• _EXCERPTED RECORDS_
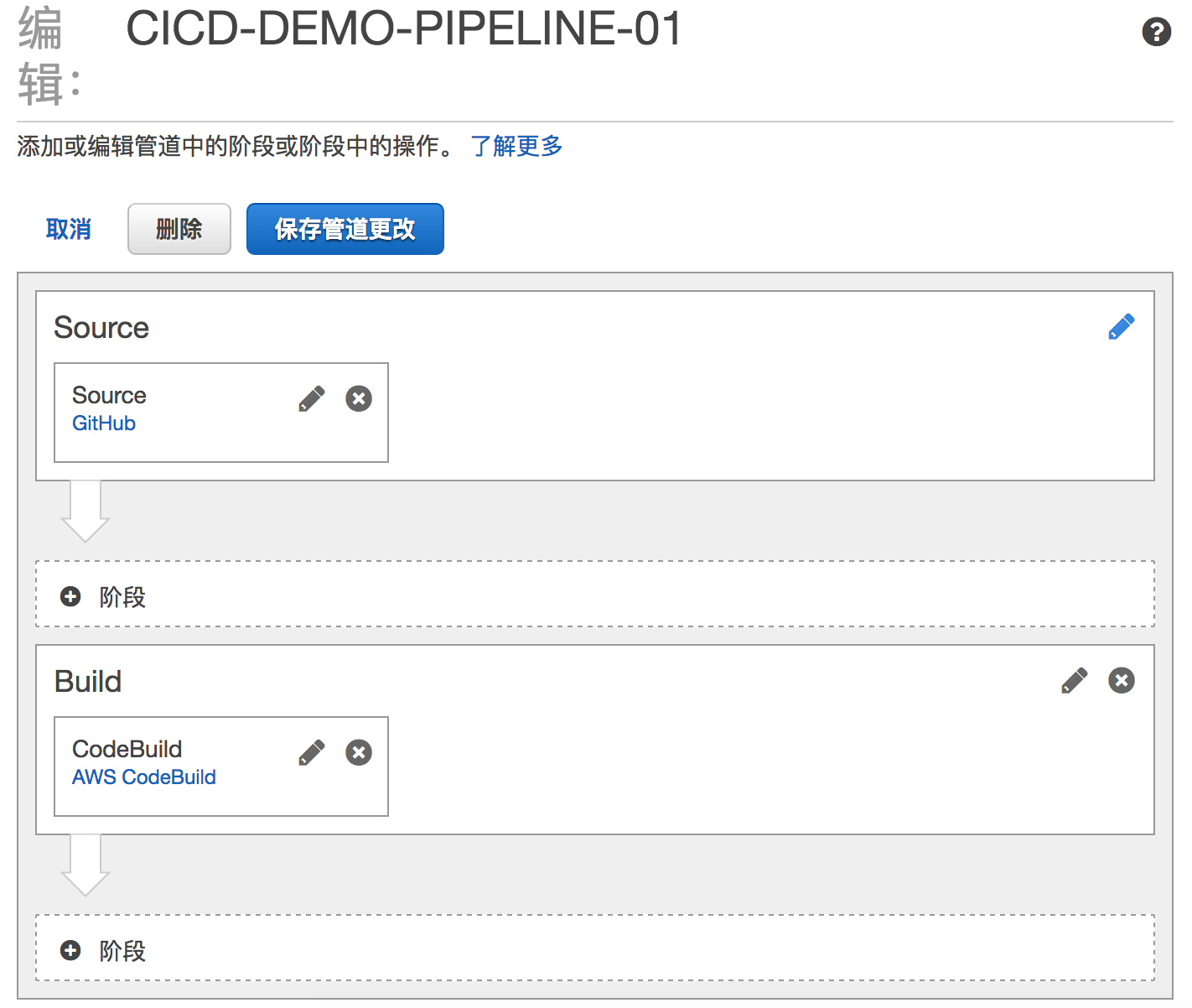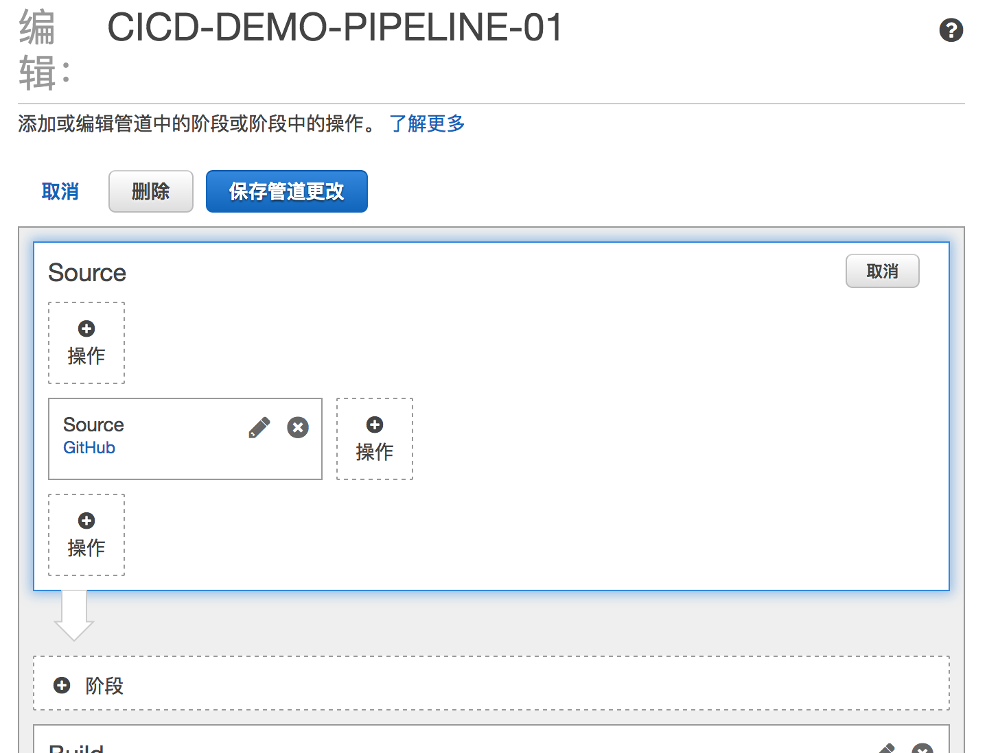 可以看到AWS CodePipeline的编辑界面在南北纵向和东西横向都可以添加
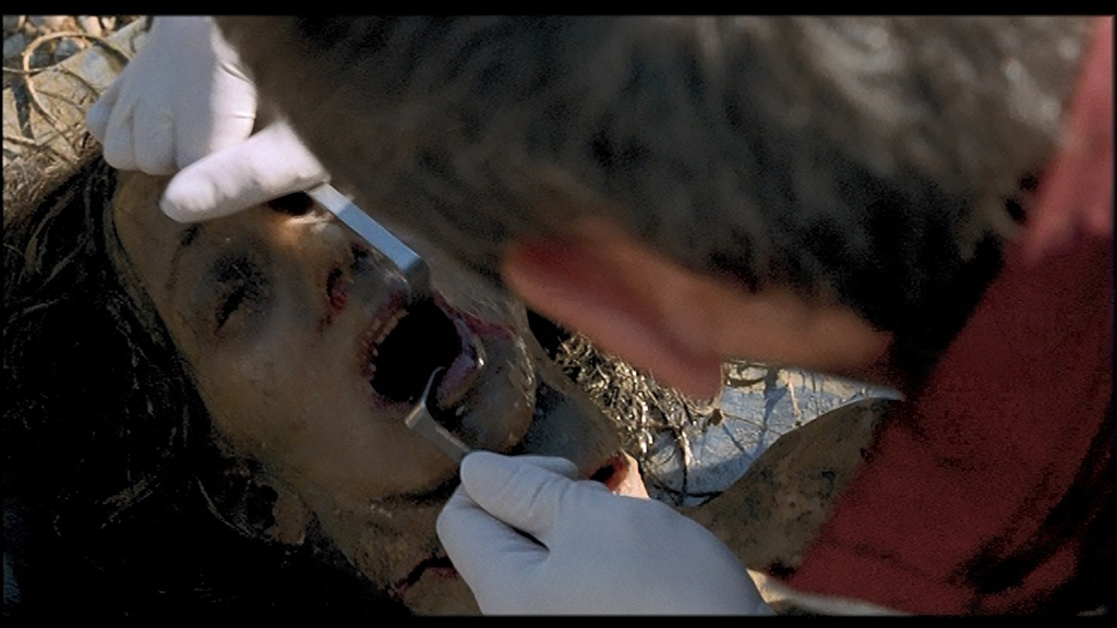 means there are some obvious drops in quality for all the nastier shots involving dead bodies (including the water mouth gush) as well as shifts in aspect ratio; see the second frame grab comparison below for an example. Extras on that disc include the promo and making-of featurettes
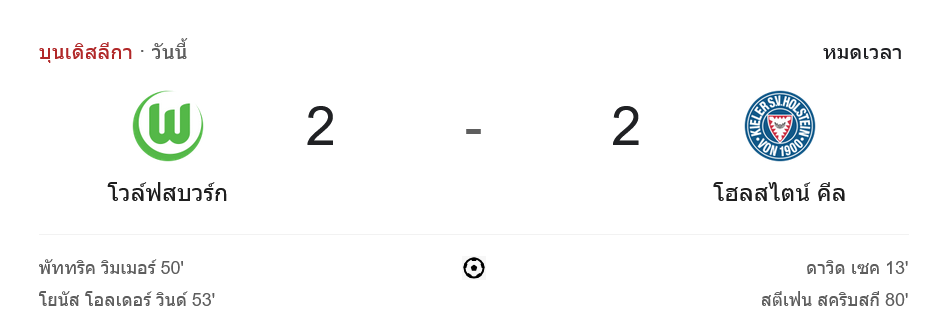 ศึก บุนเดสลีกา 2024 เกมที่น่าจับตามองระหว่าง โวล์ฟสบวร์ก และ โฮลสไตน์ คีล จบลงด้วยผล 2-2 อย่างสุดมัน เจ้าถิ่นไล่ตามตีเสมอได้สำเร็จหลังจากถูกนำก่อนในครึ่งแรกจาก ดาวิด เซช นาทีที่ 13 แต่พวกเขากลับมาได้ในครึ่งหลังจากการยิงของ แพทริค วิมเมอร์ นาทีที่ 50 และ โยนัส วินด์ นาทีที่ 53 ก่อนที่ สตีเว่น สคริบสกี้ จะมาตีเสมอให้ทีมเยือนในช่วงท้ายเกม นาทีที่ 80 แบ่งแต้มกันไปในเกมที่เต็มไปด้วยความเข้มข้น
--
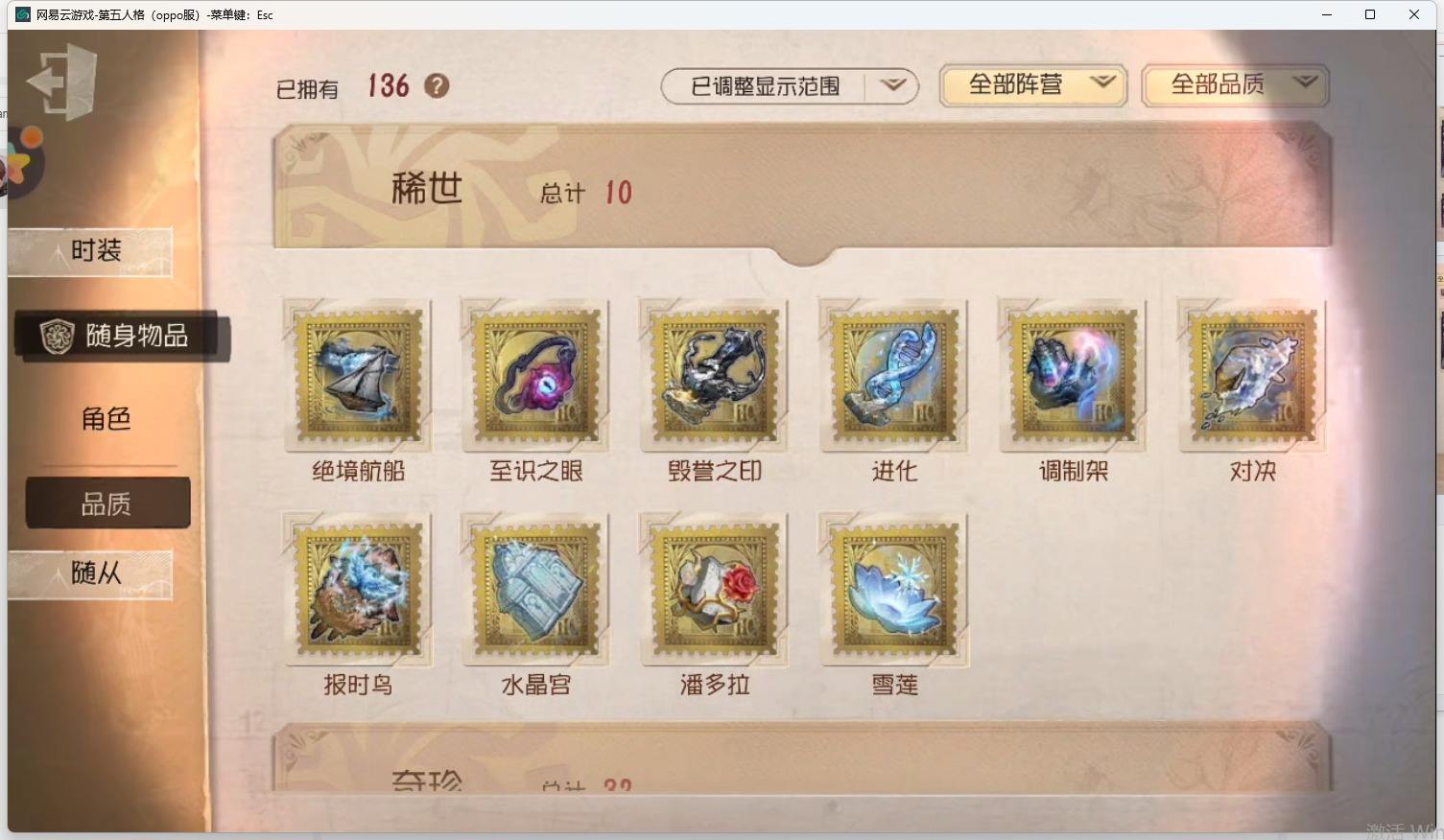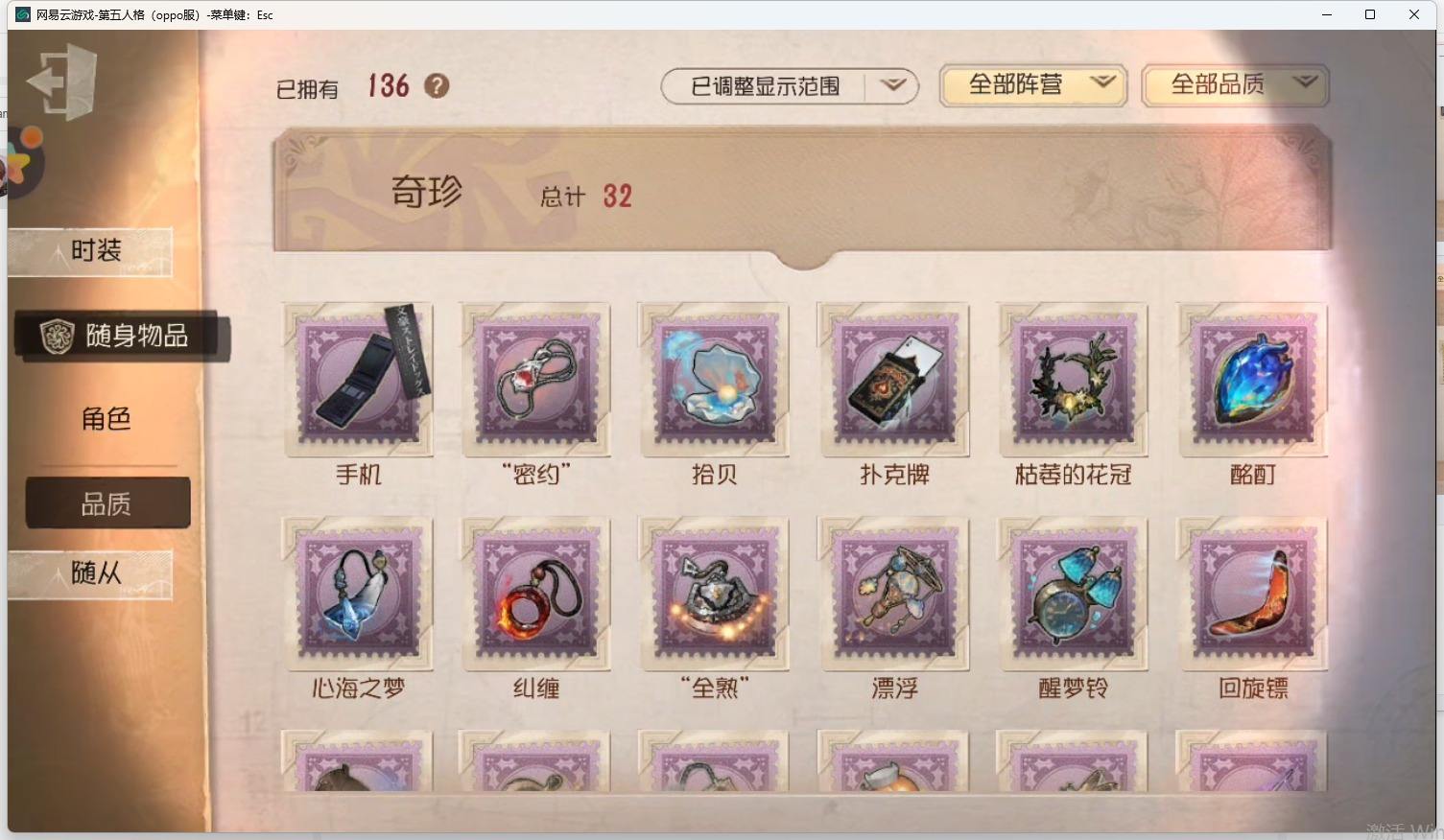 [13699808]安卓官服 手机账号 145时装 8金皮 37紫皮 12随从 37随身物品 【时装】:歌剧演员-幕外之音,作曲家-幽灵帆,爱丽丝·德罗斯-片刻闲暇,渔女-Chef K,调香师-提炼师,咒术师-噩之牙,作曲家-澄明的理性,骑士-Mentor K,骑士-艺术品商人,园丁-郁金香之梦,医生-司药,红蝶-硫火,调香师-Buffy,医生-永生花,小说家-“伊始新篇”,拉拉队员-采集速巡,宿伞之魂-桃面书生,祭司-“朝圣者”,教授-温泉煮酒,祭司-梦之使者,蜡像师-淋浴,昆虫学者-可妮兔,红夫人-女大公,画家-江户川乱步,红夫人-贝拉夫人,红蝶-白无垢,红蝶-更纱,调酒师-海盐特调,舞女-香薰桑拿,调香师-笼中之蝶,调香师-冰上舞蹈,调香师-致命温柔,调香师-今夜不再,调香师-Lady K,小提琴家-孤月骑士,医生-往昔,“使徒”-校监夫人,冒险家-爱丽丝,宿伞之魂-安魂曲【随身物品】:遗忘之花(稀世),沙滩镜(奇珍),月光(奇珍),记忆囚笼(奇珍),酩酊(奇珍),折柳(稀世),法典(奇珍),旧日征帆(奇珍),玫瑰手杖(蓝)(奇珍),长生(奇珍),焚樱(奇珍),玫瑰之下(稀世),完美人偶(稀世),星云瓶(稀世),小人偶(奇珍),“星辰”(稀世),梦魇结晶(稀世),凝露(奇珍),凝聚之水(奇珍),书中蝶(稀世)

• _ABOUT THIS TASK_
Starting at the line above with "可以看到AWS CodePi", output every line exactly up to and including the line with "ศึก บุนเดสลีกา 2024", but none of the pictures.

• _REPLY_
 可以看到AWS CodePipeline的编辑界面在南北纵向和东西横向都可以添加
 means there are some obvious drops in quality for all the nastier shots involving dead bodies (including the water mouth gush) as well as shifts in aspect ratio; see the second frame grab comparison below for an example. Extras on that disc include the promo and making-of featurettes
 ศึก บุนเดสลีกา 2024 เกมที่น่าจับตามองระหว่าง โวล์ฟสบวร์ก และ โฮลสไตน์ คีล จบลงด้วยผล 2-2 อย่างสุดมัน เจ้าถิ่นไล่ตามตีเสมอได้สำเร็จหลังจากถูกนำก่อนในครึ่งแรกจาก ดาวิด เซช นาทีที่ 13 แต่พวกเขากลับมาได้ในครึ่งหลังจากการยิงของ แพทริค วิมเมอร์ นาทีที่ 50 และ โยนัส วินด์ นาทีที่ 53 ก่อนที่ สตีเว่น สคริบสกี้ จะมาตีเสมอให้ทีมเยือนในช่วงท้ายเกม นาทีที่ 80 แบ่งแต้มกันไปในเกมที่เต็มไปด้วยความเข้มข้น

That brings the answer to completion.